Roger Ebert of the Chicago Sun-Times rated the film three out of four stars and commented, "I do like the way director Carl Franklin and writers Yuri Zeltser and Cary Bickley ... play both ends against the middle, so that the audience has abundant evidence to believe two completely conflicting theories of what actually happened ... High Crimes works to keep us involved and make us care ... The unfolding of various versions of the long-ago massacre is handled by Franklin in flashbacks that show how one camera angle can refute what another angle seems to prove. And if we feel, toward the end, a little whiplashed by the plot manipulations, well, that's what the movie promises and that's what the movie delivers."

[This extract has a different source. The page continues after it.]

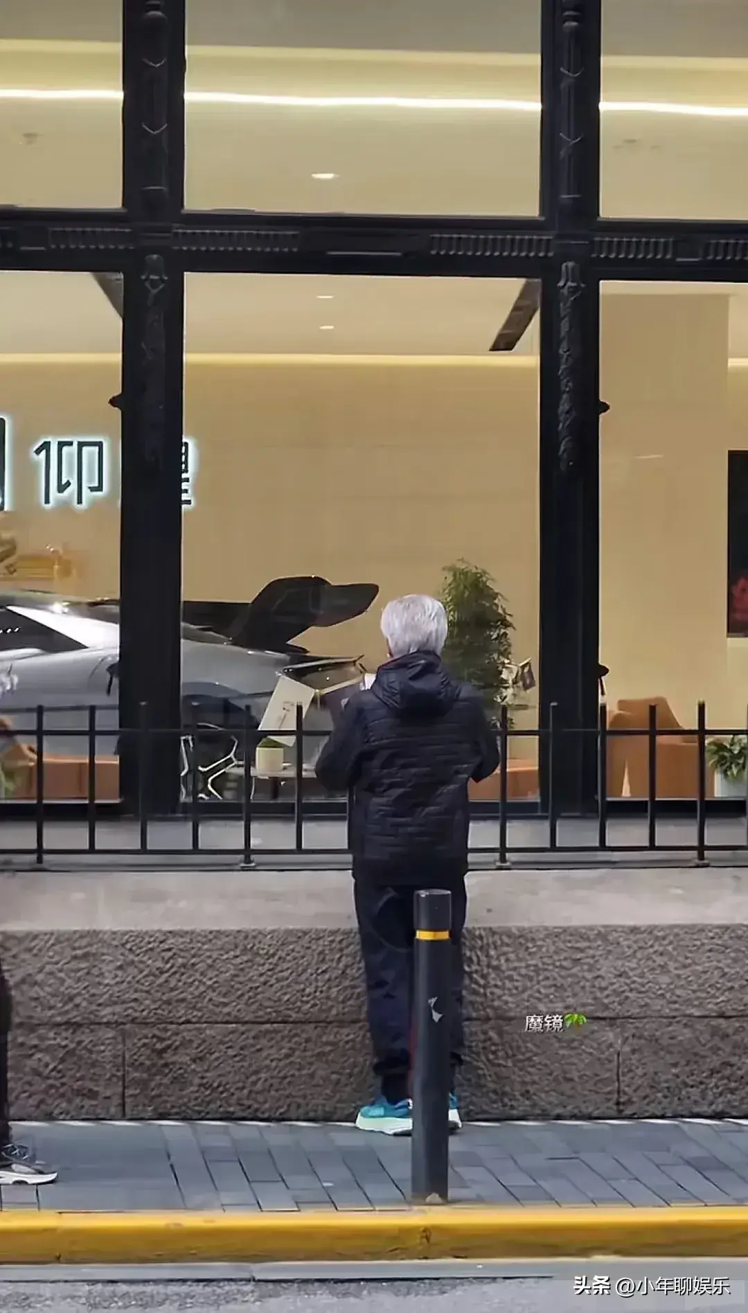 他站在窗户外面,特别陶醉的观摩了起来,还拿出了手机,不断调整自己的站位,从不同的角度拍摄这款比亚迪仰望。
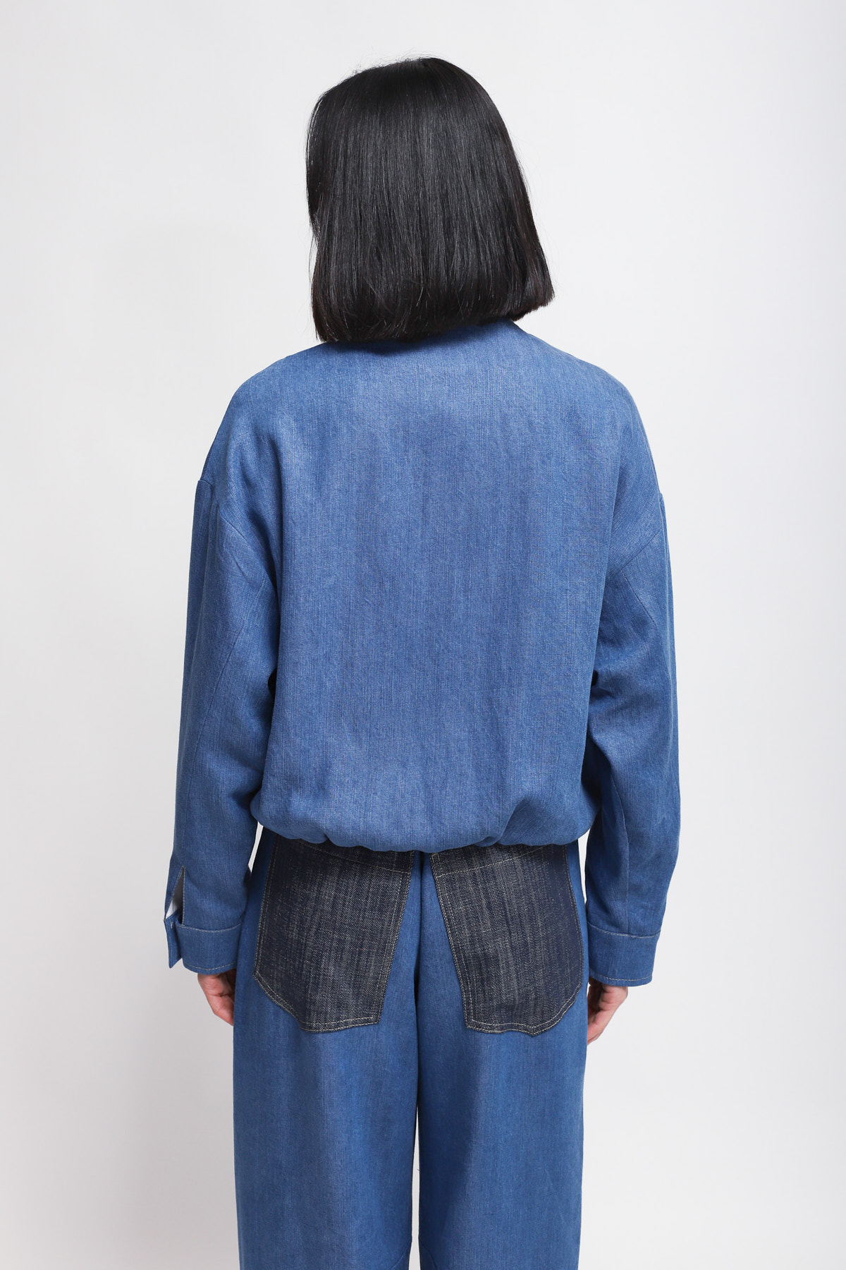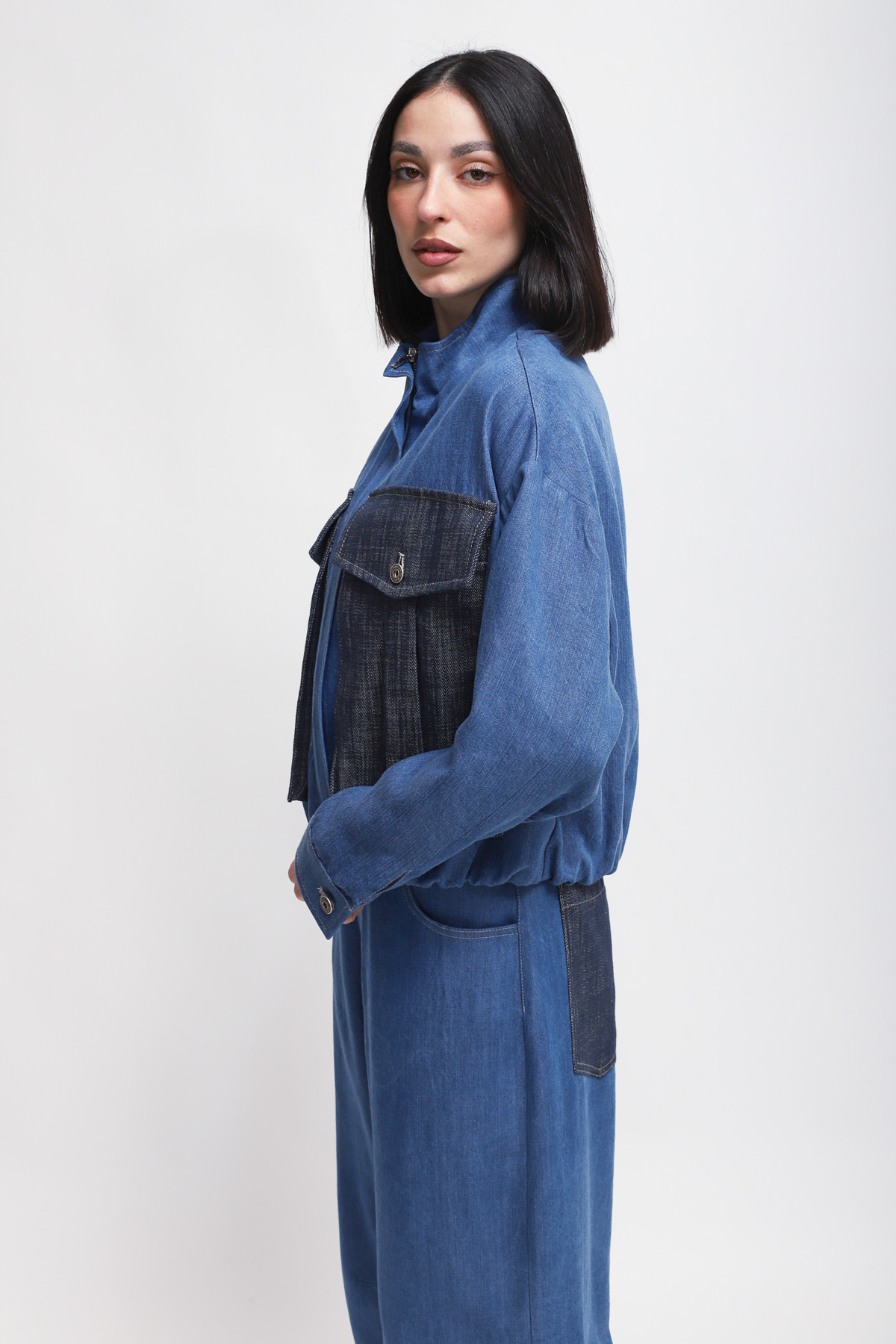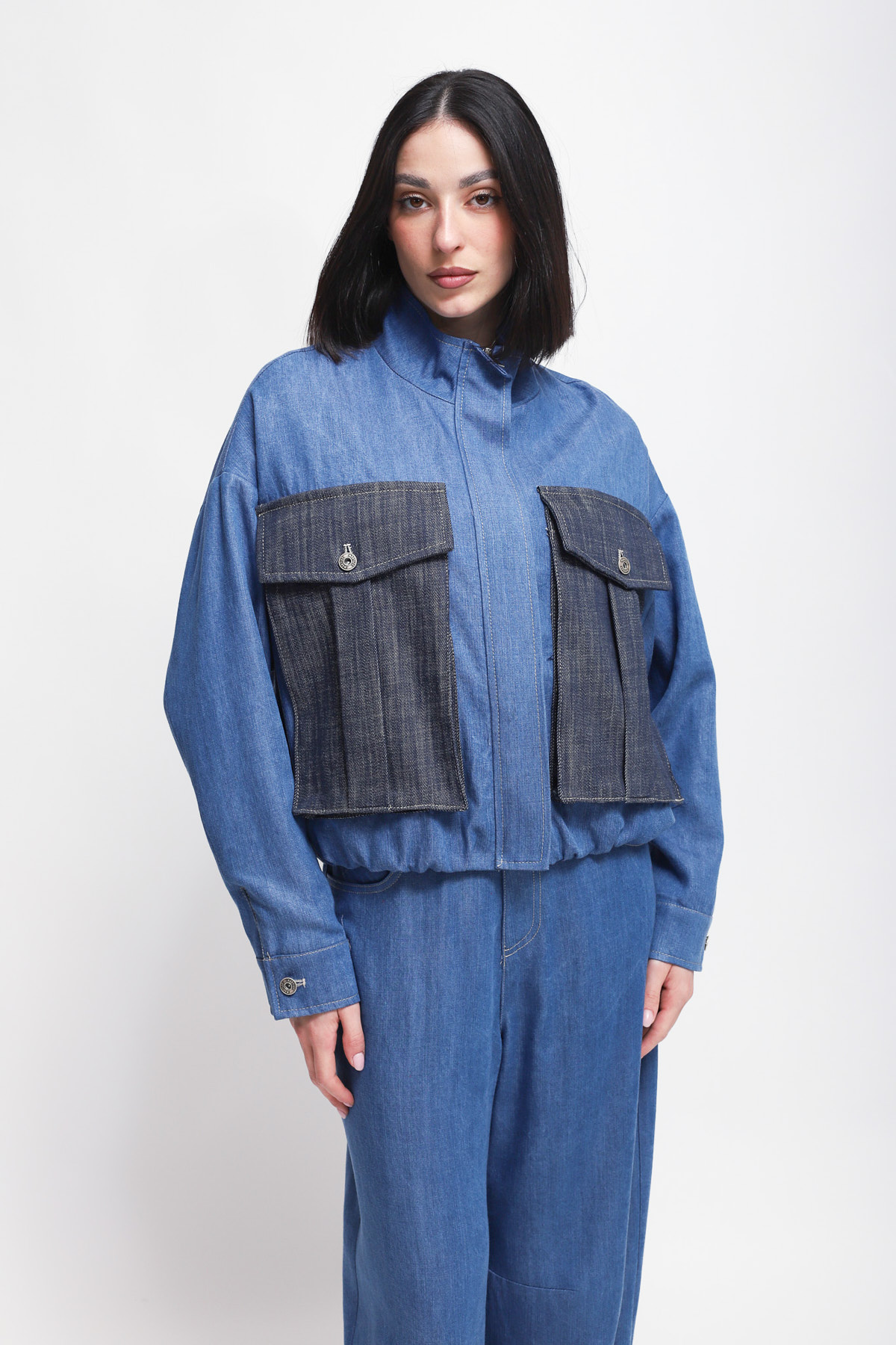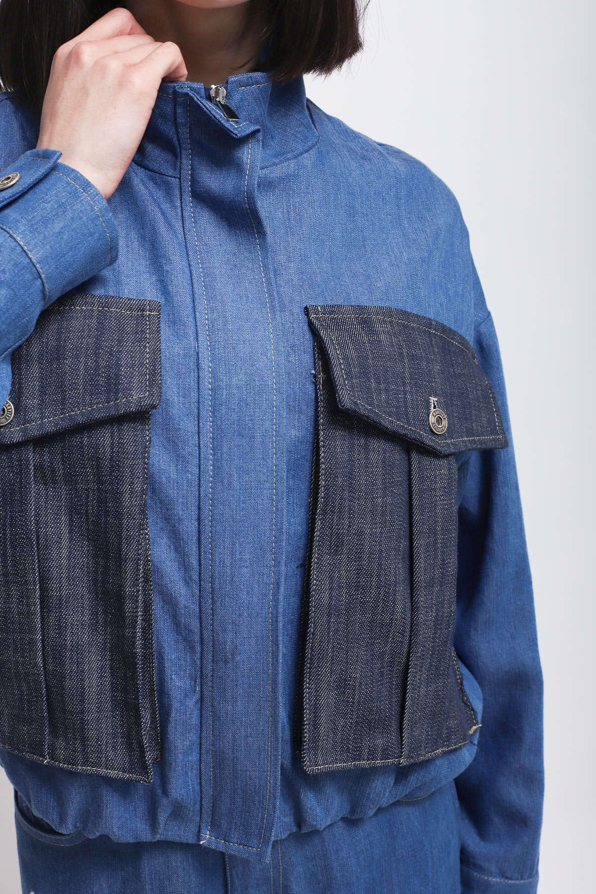 Denim-effect jacket featuring large contrasting utility pockets on the front and a high collar. The style features long sleeves with buttoned cuffs and a central zip closure.

Mick LaSalle of the San Francisco Chronicle said the film "has some faults, but it manages to keep its audience either angry or jumpy from start to finish ... The dramatic focus of High Crimes gets a bit fuzzy in the last half hour - it starts to feel as if some scenes get replayed. Still, the scenes are never dull, and the movie recovers for the big finish. Only one thing is lacking throughout, not a big thing, but big enough to mention. We keep hearing about what great lawyers Claire and Grimes are, but there's no great courtroom scene. In that, High Crimes is too much like real life. It gives us court with no courtroom fireworks."

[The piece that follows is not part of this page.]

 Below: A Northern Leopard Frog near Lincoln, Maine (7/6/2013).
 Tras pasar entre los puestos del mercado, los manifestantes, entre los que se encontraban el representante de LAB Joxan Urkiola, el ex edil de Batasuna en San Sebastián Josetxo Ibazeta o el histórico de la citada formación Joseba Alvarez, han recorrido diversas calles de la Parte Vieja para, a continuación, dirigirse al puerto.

Michael O'Sullivan of The Washington Post said the film "satisfies a hunger for the basics: a decent mystery to chew on, a bit of juicy suspense, maybe a plot twist as garnish. The fare is all on the standard menu, but it goes down well just the same. Chalk that up to a cast the director can trust enough to step out of the way and let do their jobs ... And yes, there's a twist ending, but don't kid yourself that you won't see it coming. Surprising? Maybe not. Satisfying? Not half as much as watching Freeman and Judd, two compelling performers who seem to enjoy each other's company almost as much as we do."

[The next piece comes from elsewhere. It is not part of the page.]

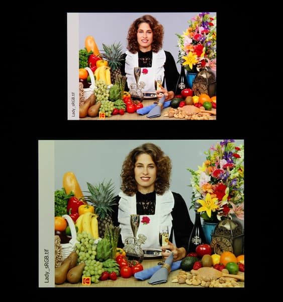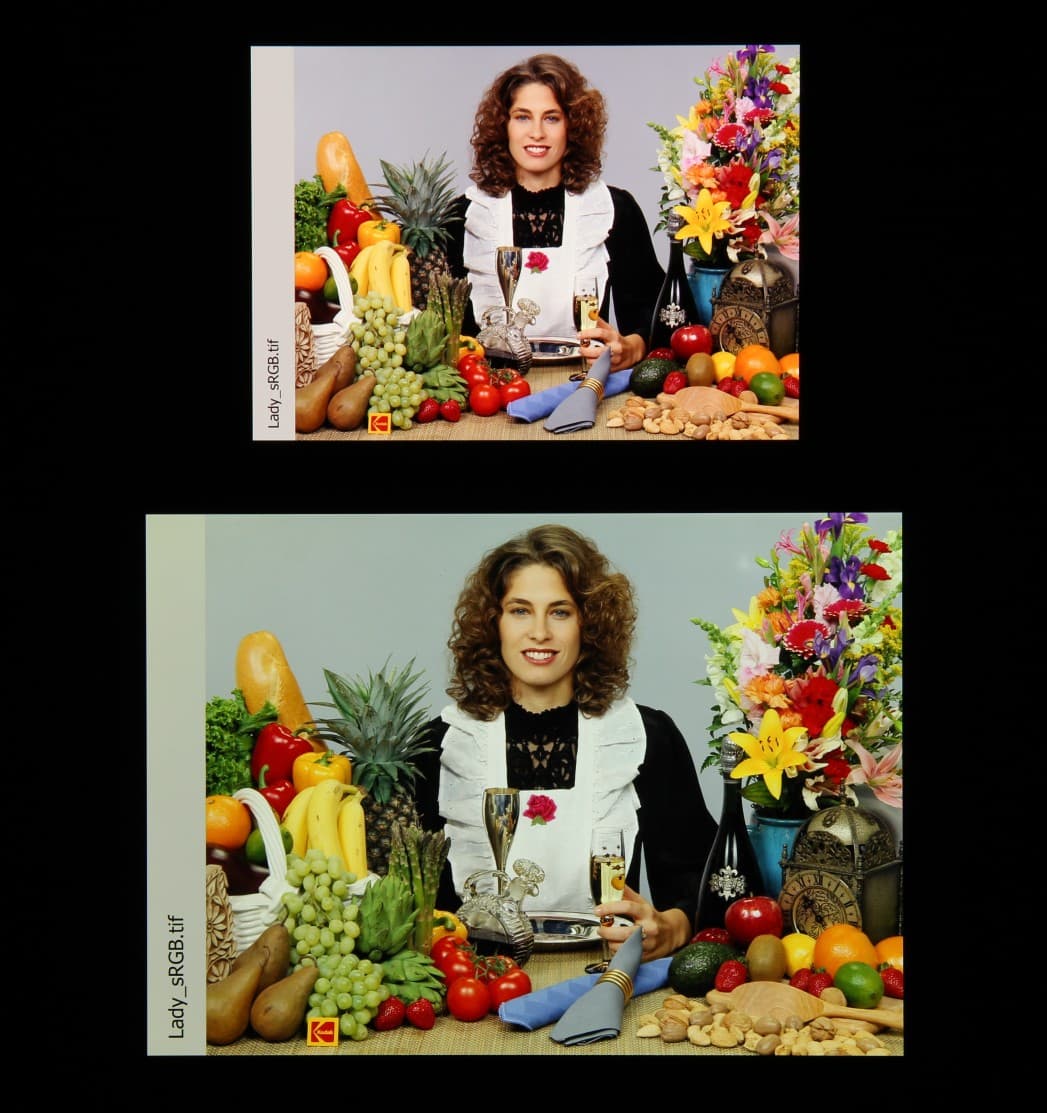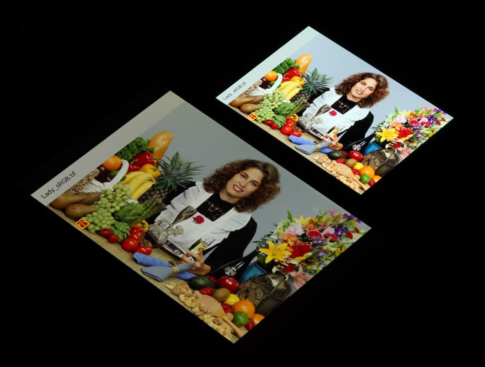 Отметим, что на экранах с широким цветовым охватом (без соответствующей коррекции) цвета́ обычных изображений, оптимизированных для устройств sRGB, выглядят неестественно насыщенными. Отсюда и рекомендация: в большинстве случаев смотреть кино, фотографии и все естественное лучше при выборе профиля Естественные цвета, и только если фотография или видеоматериал сделаны с охватом DCI, принятым в цифровом кинематографе, то имеет смысл переключить профиль на Насыщенные цвета.
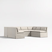 Made for lingering, our Belmar modular seating takes a breezy approach to mealtime. Pitched back to relax the back, the corner and two bench banquettes layer on comfort with pillow backs and seat cushions. The linen-like performance fabric that handles the occasional spill, and slipcovers keep the look neat with a snug fit and inverted pleats for a bit of understated tailoring. The three-piece, L-shaped dining banquette provides a flexible approach to kitchen or dining room seating.

Robert Koehler of Variety called the film "utterly conventional" and Ashley Judd's performance "so resolutely humorless and businesslike that Freeman's gruffly affectionate warmth becomes doubly valuable, though not nearly enough to lend this generic project any special character. Most disillusioning is how director Carl Franklin, once known for tense storytelling and unpredictable characters, goes about his task here with a visible lack of inspiration ... The screenwriting team of Yuri Zeltser and Cary Bickley has tweaked Joseph Finder's novel considerably ... Character alterations, refinements, re-locations and plot substitutions produce a rabbit's warren full of holes in an almost laughably complex plot. By the time the third act exhaustedly appears, it's hardly a wonder that some major characters have no idea where other major characters are, or what they're doing."

==Awards and nominations==
Morgan Freeman was nominated for the NAACP Image Award for Outstanding Actor in a Motion Picture but lost to Denzel Washington in John Q, the actor's fourth consecutive win in this category.

==Home media==
20th Century Fox Home Entertainment released the Region 1 DVD on August 27, 2002. The film is in anamorphic widescreen format with audio tracks in English, Spanish, and French and subtitles in English and Spanish. Bonus features include commentary by director Carl Franklin and six featurettes about the making of the film.

High Crimes is also available on Blu-ray Disc on September 1, 2009.